Records contained in a dataset
>>>>>

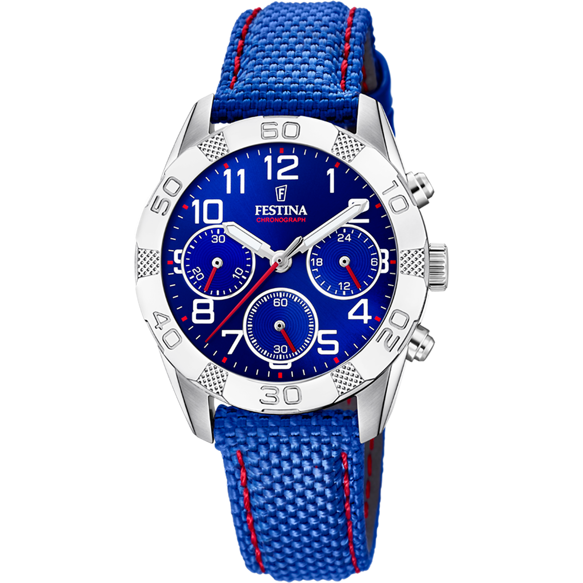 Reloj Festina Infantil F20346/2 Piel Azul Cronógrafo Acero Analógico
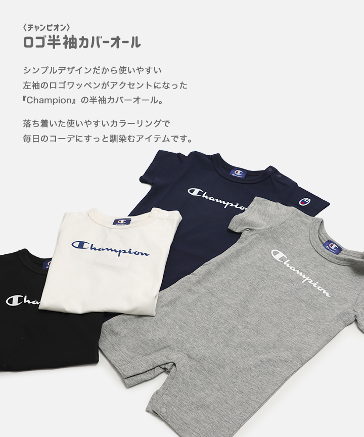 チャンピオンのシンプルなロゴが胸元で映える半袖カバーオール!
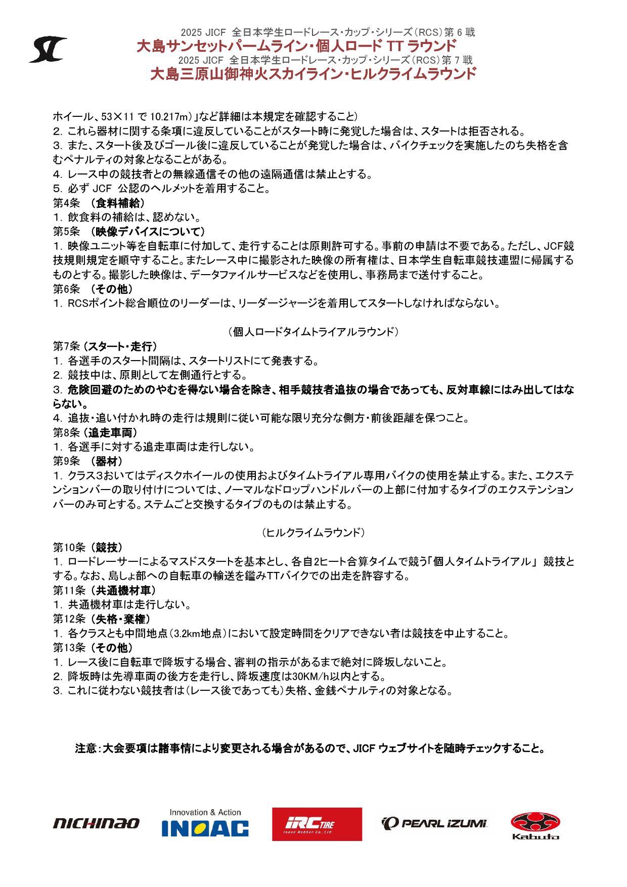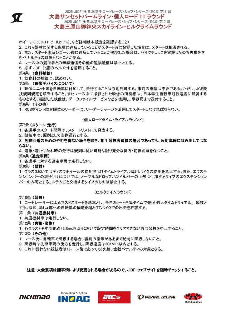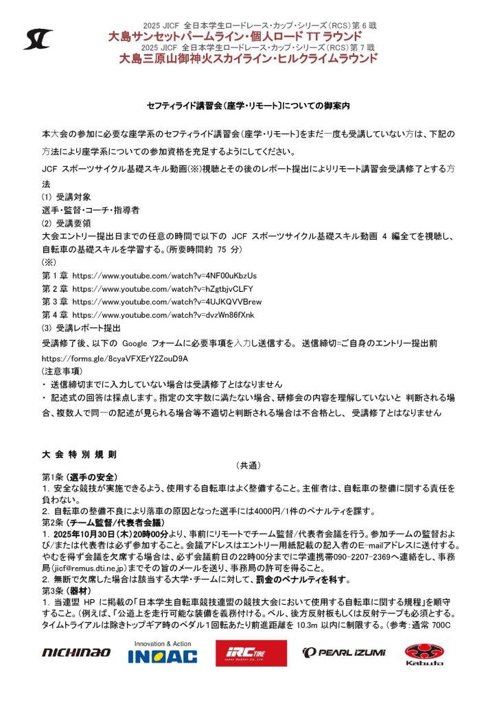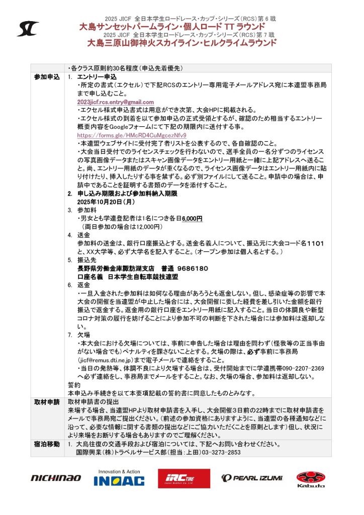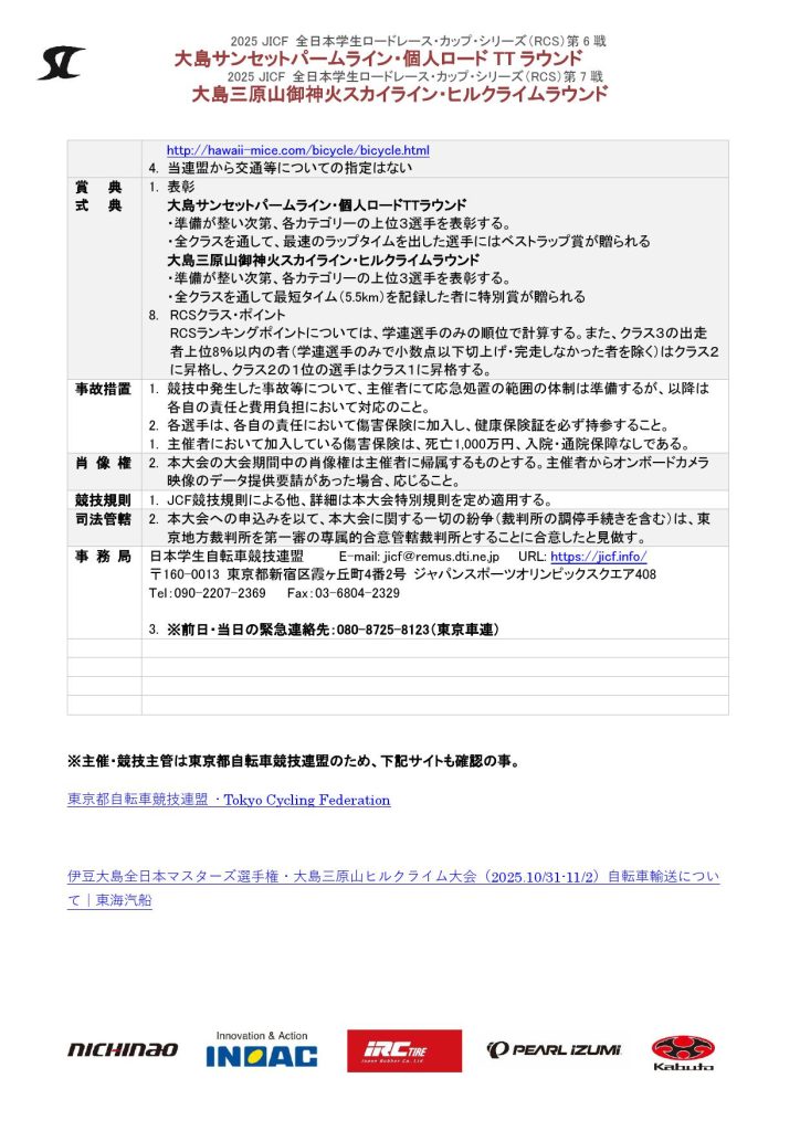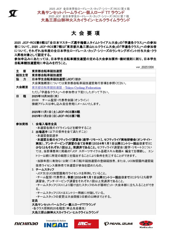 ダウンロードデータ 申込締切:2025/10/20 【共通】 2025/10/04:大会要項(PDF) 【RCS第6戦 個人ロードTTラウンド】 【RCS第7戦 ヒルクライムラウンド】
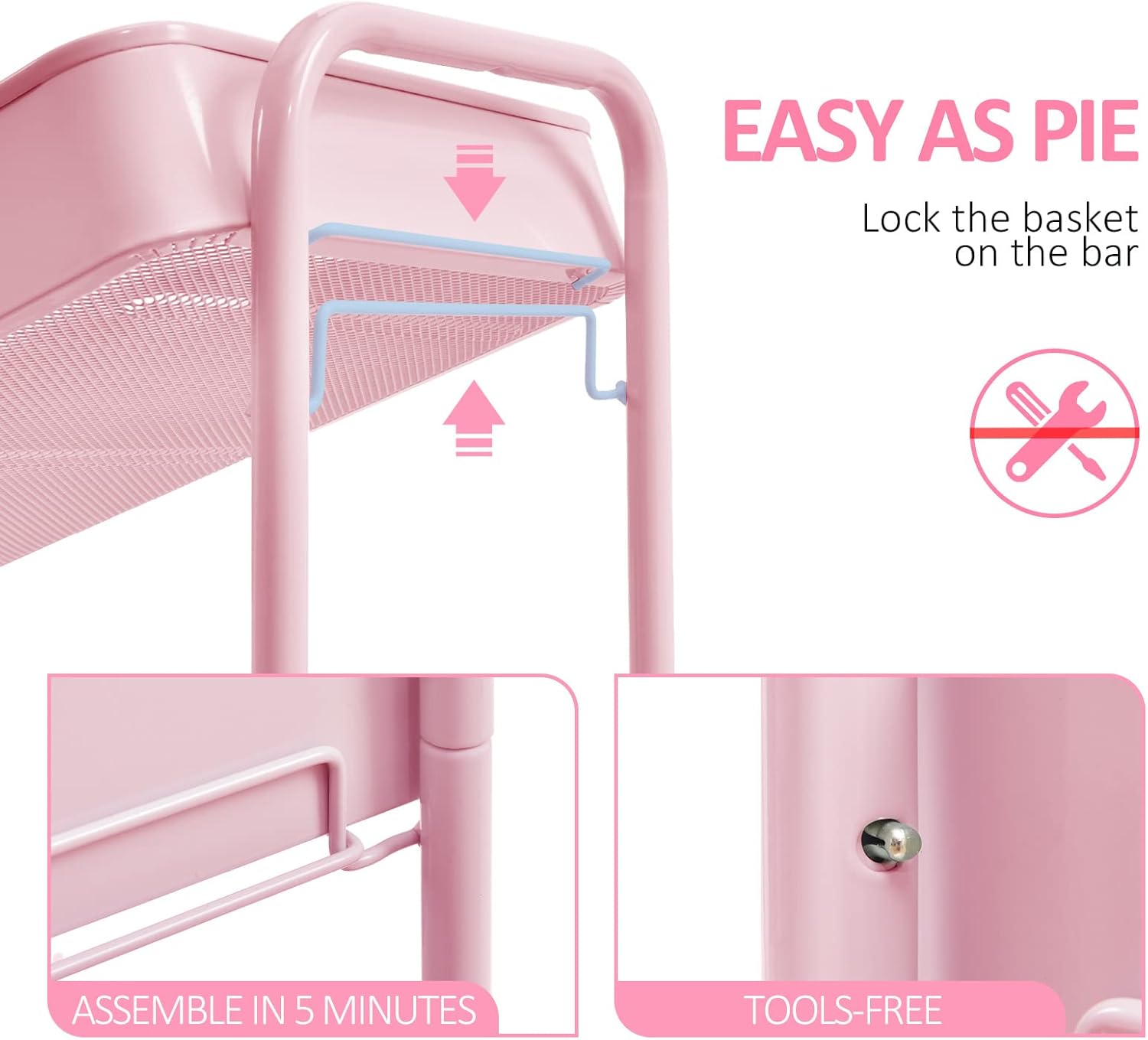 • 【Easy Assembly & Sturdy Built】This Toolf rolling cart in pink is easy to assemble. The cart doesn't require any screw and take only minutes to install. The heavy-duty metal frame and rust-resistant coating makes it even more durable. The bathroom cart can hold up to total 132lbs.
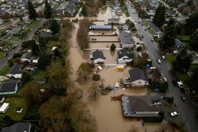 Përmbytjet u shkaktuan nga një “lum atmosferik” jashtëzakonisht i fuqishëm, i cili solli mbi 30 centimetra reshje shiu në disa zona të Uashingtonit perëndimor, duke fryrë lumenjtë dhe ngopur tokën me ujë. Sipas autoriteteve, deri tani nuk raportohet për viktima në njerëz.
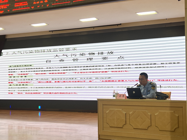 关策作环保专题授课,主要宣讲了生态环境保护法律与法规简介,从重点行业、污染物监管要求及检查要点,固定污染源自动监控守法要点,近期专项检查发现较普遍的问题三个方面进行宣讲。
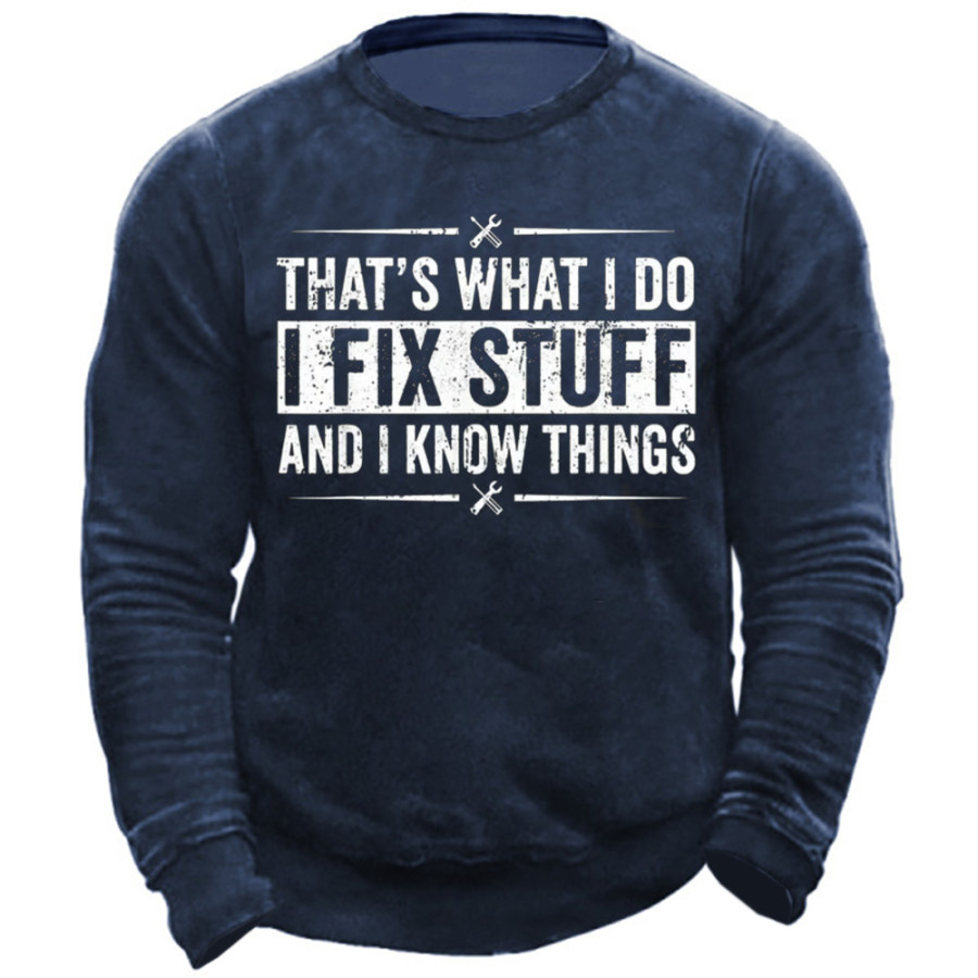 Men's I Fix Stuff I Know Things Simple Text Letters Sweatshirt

<<<<<

◆ WHAT YOU HAVE TO DO ◆
Pictures do not belong in your copy; restate word for word the lines from the one containing "关策作环保专题授课,主要宣讲" through the last line of the records above.

◆ THE ANSWER ◆
 关策作环保专题授课,主要宣讲了生态环境保护法律与法规简介,从重点行业、污染物监管要求及检查要点,固定污染源自动监控守法要点,近期专项检查发现较普遍的问题三个方面进行宣讲。
 Men's I Fix Stuff I Know Things Simple Text Letters Sweatshirt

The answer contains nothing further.